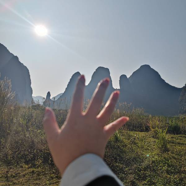 沿着高速直奔广西,天逐渐由灰蒙蒙变成了一片湛蓝。因为羊了个羊而郁结了大半个月的心情也都放晴了,景区大小还好,不过,我们是谁!必须迈开步子松快松快!走通景区后,我们朝着当地的村落前进,沿着正在建设中的公路和村里的土路绕着附近的山走了一圈大概12公里吧,活动活动筋骨。景区内大石柱下的天然溶洞像不像大拇指发育不良滴五指山(✪▽✪)村子里迎着暖阳唠着嗑的下午时光,舒坦!美美的日落西山
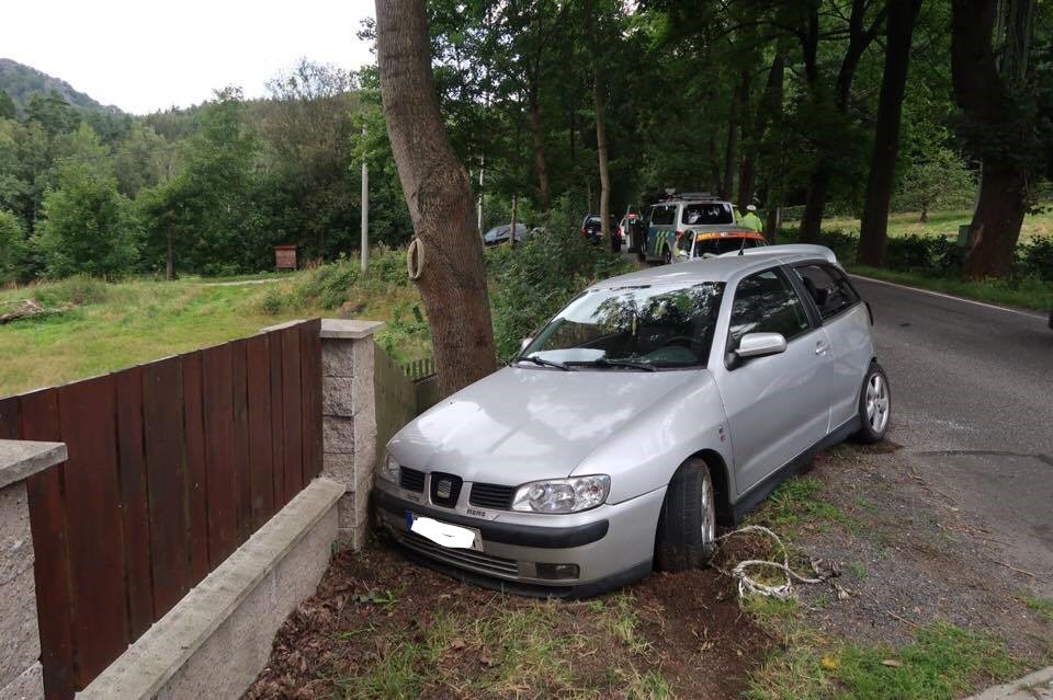 Řidič zdemoloval své auto o zábradlí v Oldřichově, nehoda se obešla bez zranění.
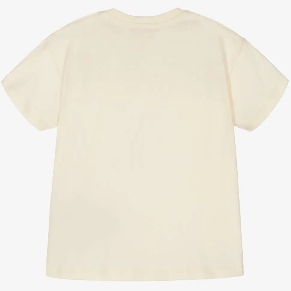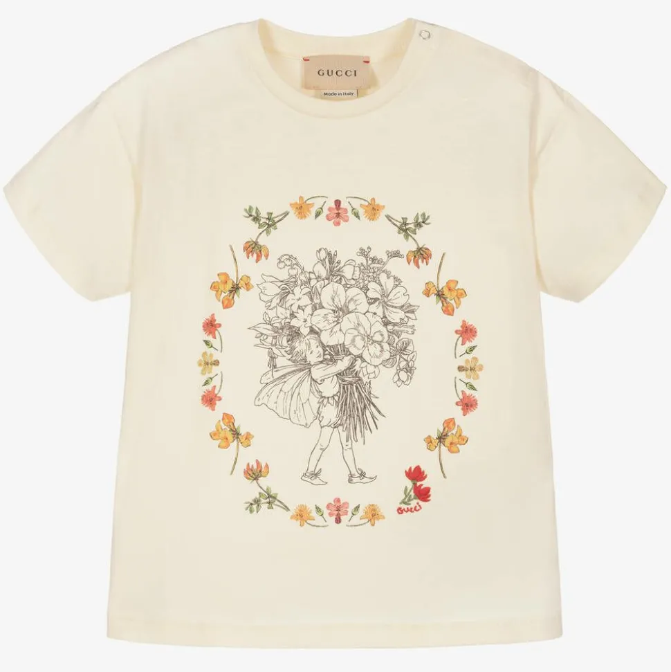 A lovely ivory T-shirt for little girls by luxury Italian designer Gucci. In collaboration with Cicely Mary Barker, it has a beautiful flower fairy illustration in pink and orange on the front. It is made in soft and comfortable cotton jersey, with shoulder popper fastenings for easy dressing.
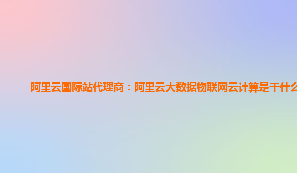 阿里云國(guó)際站代理商:阿里云大數(shù)據(jù)物聯(lián)網(wǎng)云計(jì)算是干什么的
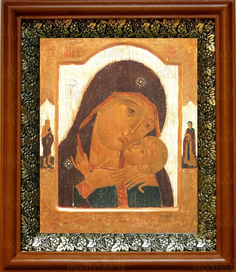 Корсунская икона Божьей Матери в киоте с басмой Виноградная Лоза (UV-печать)(30536)
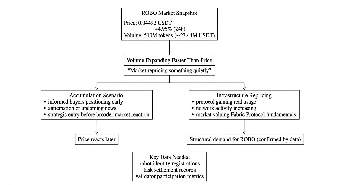 I have watched enough tokens rip on no volume to know that when volume expands faster than price, the market is sorting something out quietly. ROBO closed today at 0.04492 USDT, up 4.95 percent in the last 24 hours, with an intraday range between 0.04237 and 0.05018. That price move is fine, but it is not the part that made me pause. What caught my attention was the volume explosion. ROBO printed 510 million tokens traded in 24 hours, which at current price translates to roughly 23.44 million USDT. That is a forty percent jump from yesterday's 15.86 million USDT, and it arrived while price only moved five percent. Volume expanding that fast while price stays relatively calm usually means one of two things. Either accumulation is happening ahead of information the broader market does not have yet, or the token is being repriced by participants who care more about Fabric Protocol's structural positioning than they do about short term chart momentum. I am leaning toward the latter, and here is why that matters for anyone tracking ROBO as more than just another AI robotics narrative play.
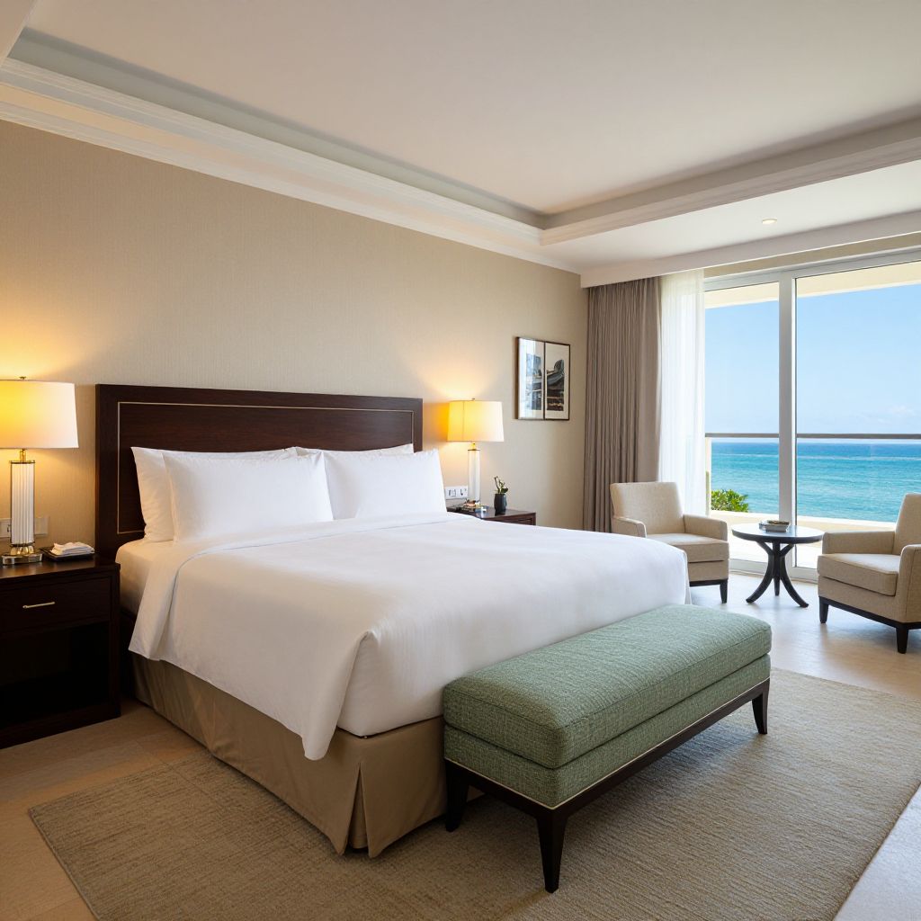 Photograph of a modern beach-view hotel room with a large bed, two armchairs, a glass-top table, and ocean view through sliding doors
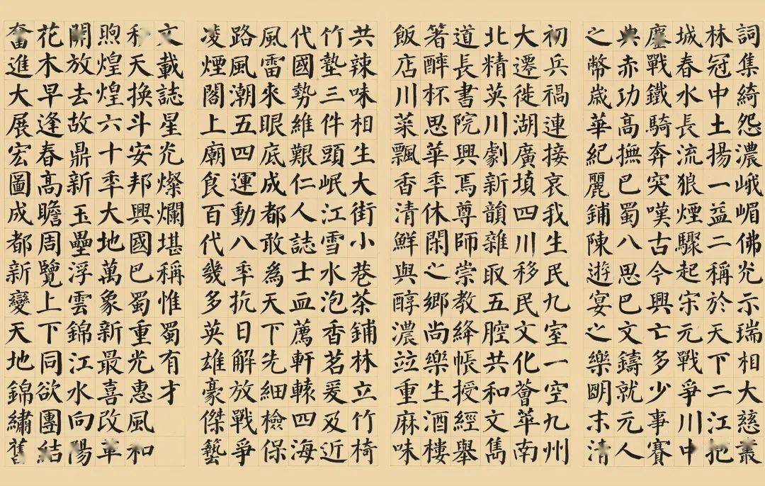 《成都赋》,由被誉为“三大词赋家”之一的何开四先生撰文,该文刻于天府广场石碑之上。 该赋从“远古洪荒”到“秦扫六合”,从“三国鼎立”到“自唐迄宋”,从“明末清初”到“改革开放”,道尽历史兴替,历数古今人文,铺陈辉煌文明。为过往“锦里繁华,千古流韵”而著述,为当下“阳光丽景,幸福成都”而放歌。该赋辞藻瑰丽,朗朗上口,读罢掩卷,成都大气恢弘的历史画卷如穿行时空隧道般历历在目,震撼人心,催人上进。可谓咏成都之名赋。
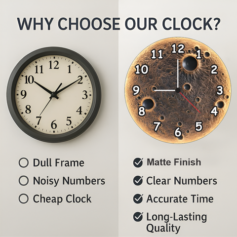 Be the first to review “TERA MERA GIFT | Moon Design Wall Clock 12 Inch | 6mm MDF Matte Finish | Crater Surface Art Wall Clock” Cancel reply
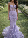 Modern Lavender Butterfly Lace Prom Gown Sheer Corset Mermaid Evening Dress,OLP1843

==*==

__PROBLEM REQUIREMENTS__
Everything in the records above should come back word for word, except the pictures.

__RESPONSE BOX__
 沿着高速直奔广西,天逐渐由灰蒙蒙变成了一片湛蓝。因为羊了个羊而郁结了大半个月的心情也都放晴了,景区大小还好,不过,我们是谁!必须迈开步子松快松快!走通景区后,我们朝着当地的村落前进,沿着正在建设中的公路和村里的土路绕着附近的山走了一圈大概12公里吧,活动活动筋骨。景区内大石柱下的天然溶洞像不像大拇指发育不良滴五指山(✪▽✪)村子里迎着暖阳唠着嗑的下午时光,舒坦!美美的日落西山
 Řidič zdemoloval své auto o zábradlí v Oldřichově, nehoda se obešla bez zranění.
 A lovely ivory T-shirt for little girls by luxury Italian designer Gucci. In collaboration with Cicely Mary Barker, it has a beautiful flower fairy illustration in pink and orange on the front. It is made in soft and comfortable cotton jersey, with shoulder popper fastenings for easy dressing.
 阿里云國(guó)際站代理商:阿里云大數(shù)據(jù)物聯(lián)網(wǎng)云計(jì)算是干什么的
 Корсунская икона Божьей Матери в киоте с басмой Виноградная Лоза (UV-печать)(30536)
 I have watched enough tokens rip on no volume to know that when volume expands faster than price, the market is sorting something out quietly. ROBO closed today at 0.04492 USDT, up 4.95 percent in the last 24 hours, with an intraday range between 0.04237 and 0.05018. That price move is fine, but it is not the part that made me pause. What caught my attention was the volume explosion. ROBO printed 510 million tokens traded in 24 hours, which at current price translates to roughly 23.44 million USDT. That is a forty percent jump from yesterday's 15.86 million USDT, and it arrived while price only moved five percent. Volume expanding that fast while price stays relatively calm usually means one of two things. Either accumulation is happening ahead of information the broader market does not have yet, or the token is being repriced by participants who care more about Fabric Protocol's structural positioning than they do about short term chart momentum. I am leaning toward the latter, and here is why that matters for anyone tracking ROBO as more than just another AI robotics narrative play.
 Photograph of a modern beach-view hotel room with a large bed, two armchairs, a glass-top table, and ocean view through sliding doors
 《成都赋》,由被誉为“三大词赋家”之一的何开四先生撰文,该文刻于天府广场石碑之上。 该赋从“远古洪荒”到“秦扫六合”,从“三国鼎立”到“自唐迄宋”,从“明末清初”到“改革开放”,道尽历史兴替,历数古今人文,铺陈辉煌文明。为过往“锦里繁华,千古流韵”而著述,为当下“阳光丽景,幸福成都”而放歌。该赋辞藻瑰丽,朗朗上口,读罢掩卷,成都大气恢弘的历史画卷如穿行时空隧道般历历在目,震撼人心,催人上进。可谓咏成都之名赋。
 Be the first to review “TERA MERA GIFT | Moon Design Wall Clock 12 Inch | 6mm MDF Matte Finish | Crater Surface Art Wall Clock” Cancel reply
 Modern Lavender Butterfly Lace Prom Gown Sheer Corset Mermaid Evening Dress,OLP1843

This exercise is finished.